PROVIDED RECORDS:
○ ○ ○ ○ ○ ○ ○
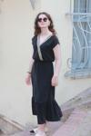 Pasaklı Giyim Kadın Hasır Kruvaze Yaka Kısa Kollu Etek Ucu Fırfırlı Uzun Elbise 2856250
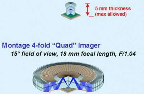 La diminuzione delle dimensione dell'ottica è stata ottenuta mettendo una lente dentro l'altra, in maniera concentrica e sfruttando la riflessione interna per far fare alla luce tutto il cammino che farebbe in un lungo barilotto, dalla lente frontale, fino a quella posteriore e poi sul sensore.
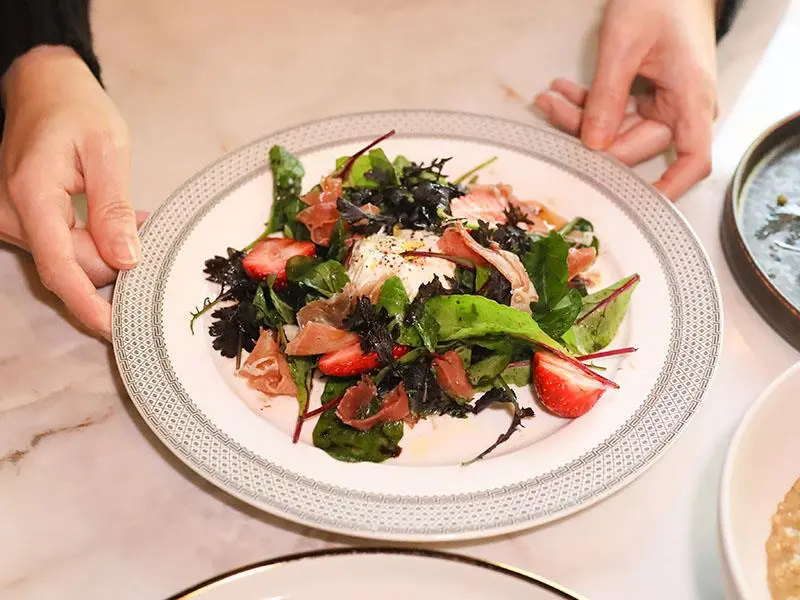 竹北「Vinyl Y 西餐創意料理」隱藏著二十年主廚的細膩功夫,必點耗費五天工序的松露烤雞與布拉塔起司沙拉。
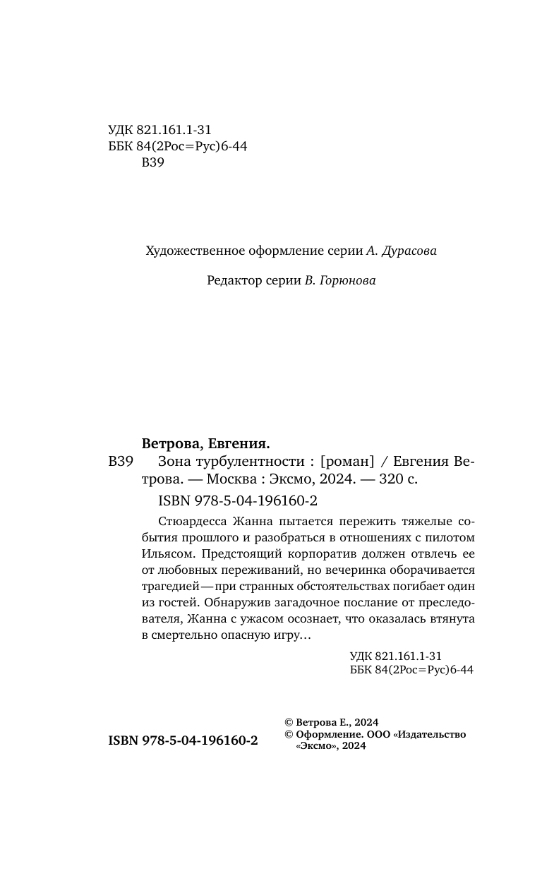 Книга: Зона турбулентности (Евгения Ветрова); Эксмо, Редакция 1, 2024
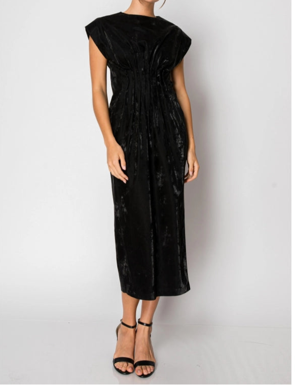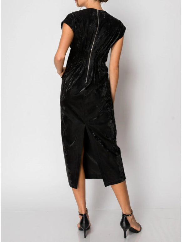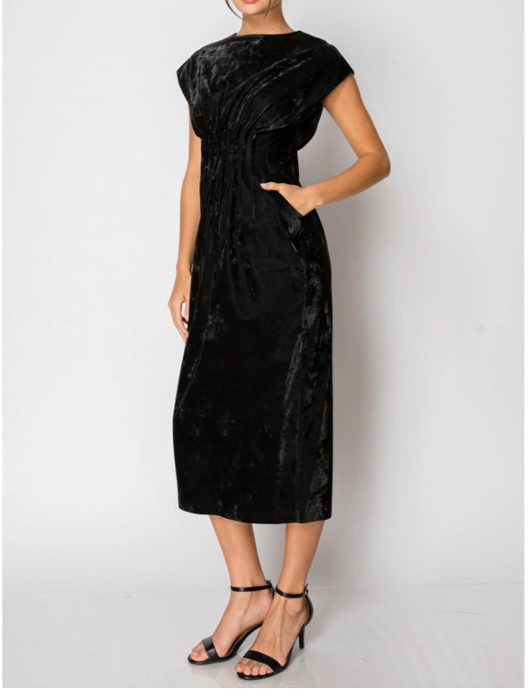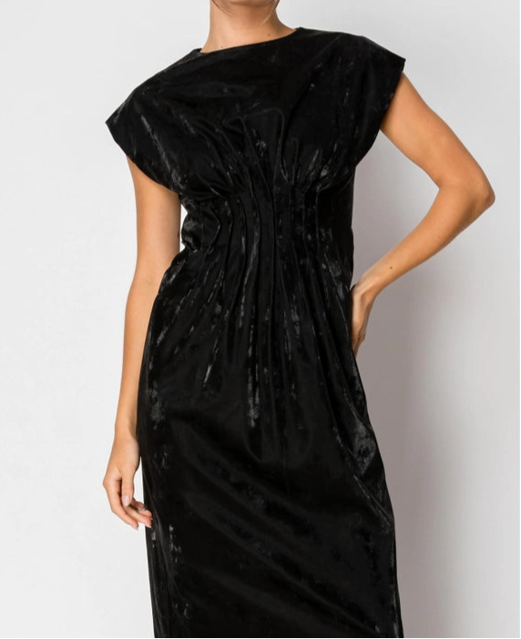 Elevate your style with our Faux Leather Structured Draping Midi Dress. Featuring a structured bodice with intricate draping, this dress creates a defined waistline and adds a touch of elegance to your silhouette. The cap sleeve cut, metal zip at the back, and convenient side pocket make it both fashionable and functional. Made with a blend of 50% PU and 50% polyester, this dress is perfect for any occasion. Model is 5'9.5" and wearing a size small.
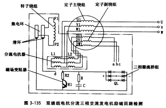 圖3-136雙點劃線框內的部分是這種發電機勵磁回路,包含定子副繞組Z1Z2、單相整流橋組QL、磁場變阻器R、集電環、轉子繞組F1F2及各段連接線。檢測前先拆開單相整流橋組交、直流側各一個接點,然后按以下順序檢測:
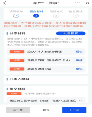 5.根据提示信息上传对应材料。对材料信息进行检查无误后,点击【下一步】按钮进入材料收取页面。
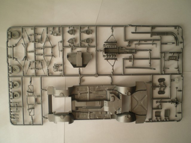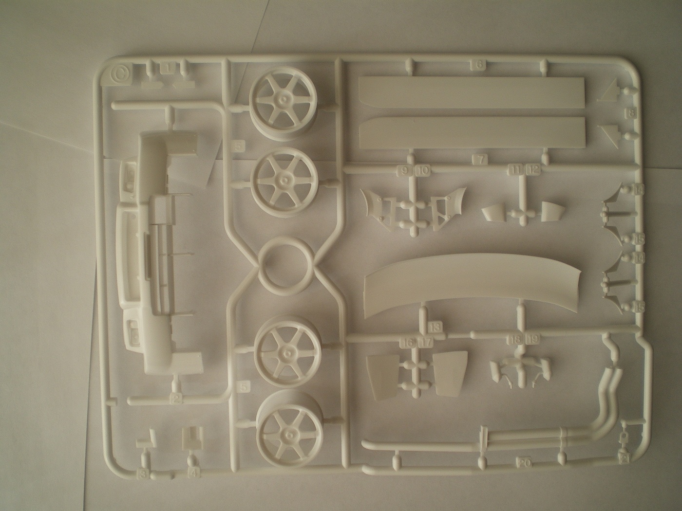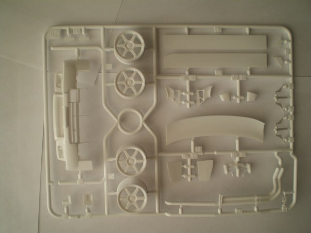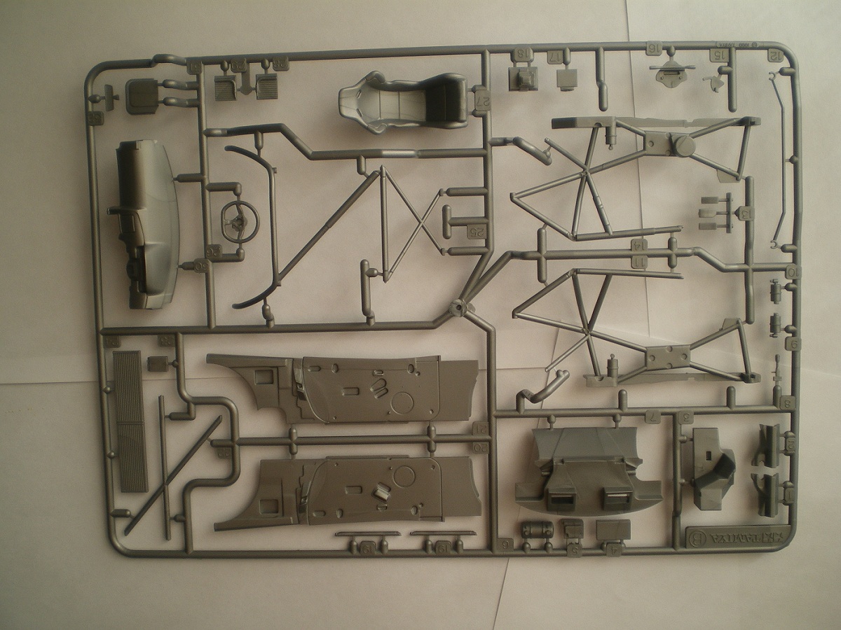 В комплекте 3 литника с кокпитом, подвеской, деталями кузова, 1 прозрачный литник со стеклами и защитой на днище, целиком кузов, 3 листа с декалями, 1 лист с масками, 4 шины хорошего уровня.
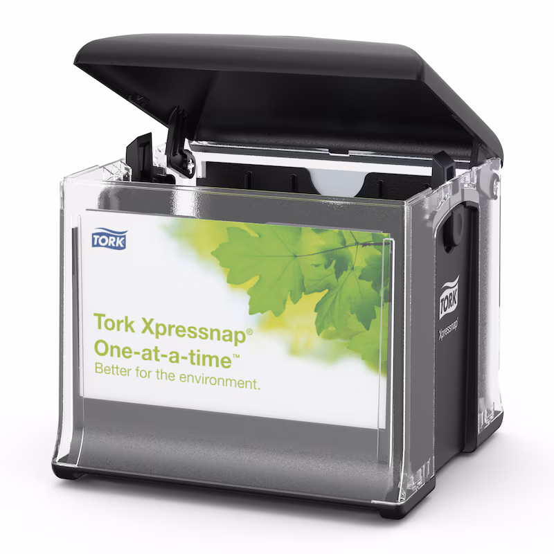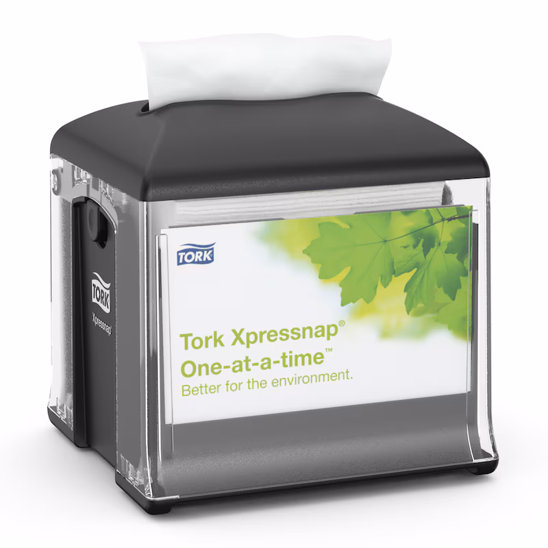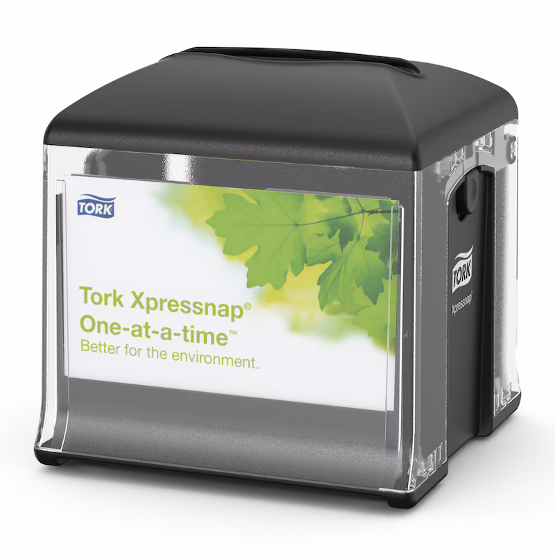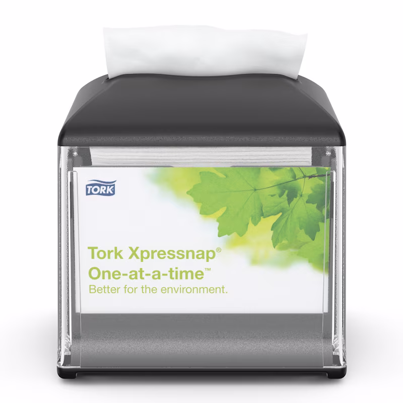 Tork Xpressnap Snack© Peçete Dispenseri, küçük peçetelerin tercih edildiği sınırlı servis restoranları için idealdir. Bu kompakt dispenser peçeteleri her seferinde tek tek vererek, hijyeni artırır ve geleneksel dispenserli peçete sistemlerine kıyasla tüketimi %25'e varan oranda azaltır.
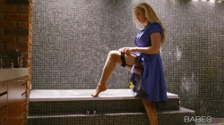 Через некоторое время девушка уснула, парень решил пойти домой. Но, выходя он наткнулся, на провокационно открытую дверь в ванной комнате, откуда доносился шум воды. Он понимал, что в доме кроме его девушки и её мамы никого нет, тут его любопытство взяло над ним верх, он тихо подошёл к двери и стал подглядывать. Он видел, как раздевается сексуальная мамаша его девушки, обнажая свои красивые и пышные формы. Спустя несколько минут мамочка увидела, что за ней подглядывают, и позвала парня к себе поближе. Недолго думая, наглая мамаша соблазнила и занялась сексом с парнем дочери прямо в ванной под шум воды. Парень сразу же принялся делать куни этой сексуальной блонде, но длилось это недолго. В ванную зашла её дочь и обнаружив своего парня, который пытался спрятаться устроила скандал. Но, уверен это не последняя попытка мамочки отбить парня у дочери, очевидно, что парень ей понравился и она захочет продолжения. |
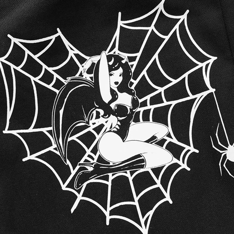 If you are a fan of graphic tees and outfits then this one will surely impress you. Spider Web Print Flare Leg Pants are made of woven fabric that ensures comfort and style at the same time. These pants come in a drop waist, regular fit, and zipper closure style that is perfect for a Halloween party or any costume party.
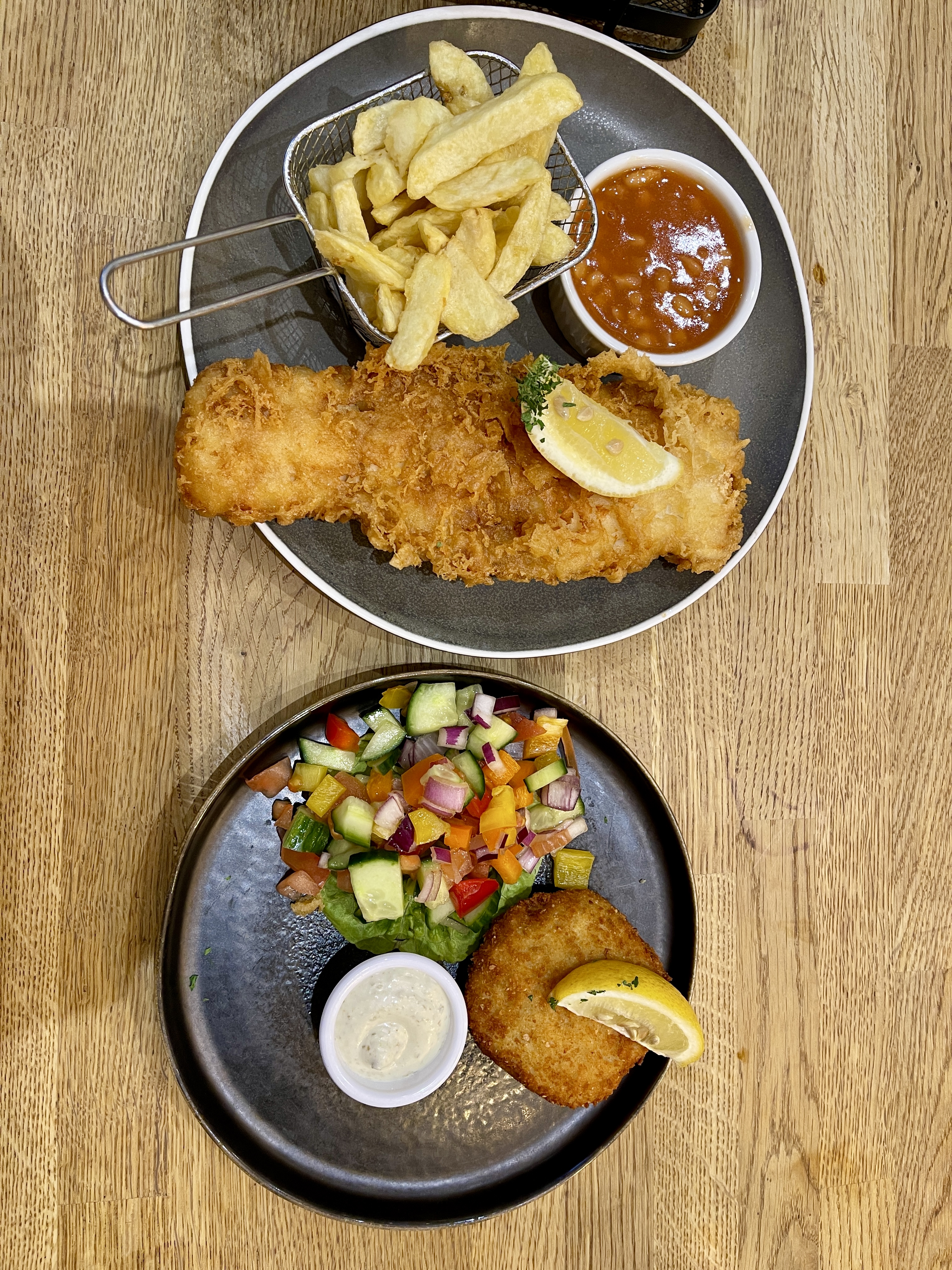 For dinner, we indulged in authentic British fish and chips—crispy, fresh, and absolutely delicious. The friendly waitress even helped us with directions—fantastic service!
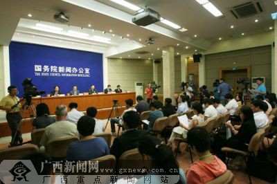 陳武利用數據向媒體介紹了廣西經濟社會發展情況。他說,廣西沿海、沿邊、沿江,是我國西南地區出海大通道,是我國與東盟開放合作的前沿、門戶和橋頭堡。全區轄14個地級市、109個縣、市、區,其中有12個民族自治縣,58個民族鄉,共有壯、漢、瑤、苗、侗等12個世居民族。2008年,廣西生產總值7172億元,在全國排第17位,比1950年增長了近120倍;人均生產總值14966元,比1950年增長近43倍。
○ ○ ○ ○ ○ ○ ○
ABOUT THIS TASK:
Starting with the line that has "竹北「Vinyl Y 西餐創意料理」隱藏著二十年主廚的細膩功夫,必點耗費五天工序的松露烤雞與布拉塔起司沙拉。" and ending with the line that has "Tork Xpressnap Snack©", repeat the lines above exactly, omitting every picture.

EXERCISE ANSWER:
 竹北「Vinyl Y 西餐創意料理」隱藏著二十年主廚的細膩功夫,必點耗費五天工序的松露烤雞與布拉塔起司沙拉。
 Книга: Зона турбулентности (Евгения Ветрова); Эксмо, Редакция 1, 2024
 Elevate your style with our Faux Leather Structured Draping Midi Dress. Featuring a structured bodice with intricate draping, this dress creates a defined waistline and adds a touch of elegance to your silhouette. The cap sleeve cut, metal zip at the back, and convenient side pocket make it both fashionable and functional. Made with a blend of 50% PU and 50% polyester, this dress is perfect for any occasion. Model is 5'9.5" and wearing a size small.
 圖3-136雙點劃線框內的部分是這種發電機勵磁回路,包含定子副繞組Z1Z2、單相整流橋組QL、磁場變阻器R、集電環、轉子繞組F1F2及各段連接線。檢測前先拆開單相整流橋組交、直流側各一個接點,然后按以下順序檢測:
 5.根据提示信息上传对应材料。对材料信息进行检查无误后,点击【下一步】按钮进入材料收取页面。
 В комплекте 3 литника с кокпитом, подвеской, деталями кузова, 1 прозрачный литник со стеклами и защитой на днище, целиком кузов, 3 листа с декалями, 1 лист с масками, 4 шины хорошего уровня.
 Tork Xpressnap Snack© Peçete Dispenseri, küçük peçetelerin tercih edildiği sınırlı servis restoranları için idealdir. Bu kompakt dispenser peçeteleri her seferinde tek tek vererek, hijyeni artırır ve geleneksel dispenserli peçete sistemlerine kıyasla tüketimi %25'e varan oranda azaltır.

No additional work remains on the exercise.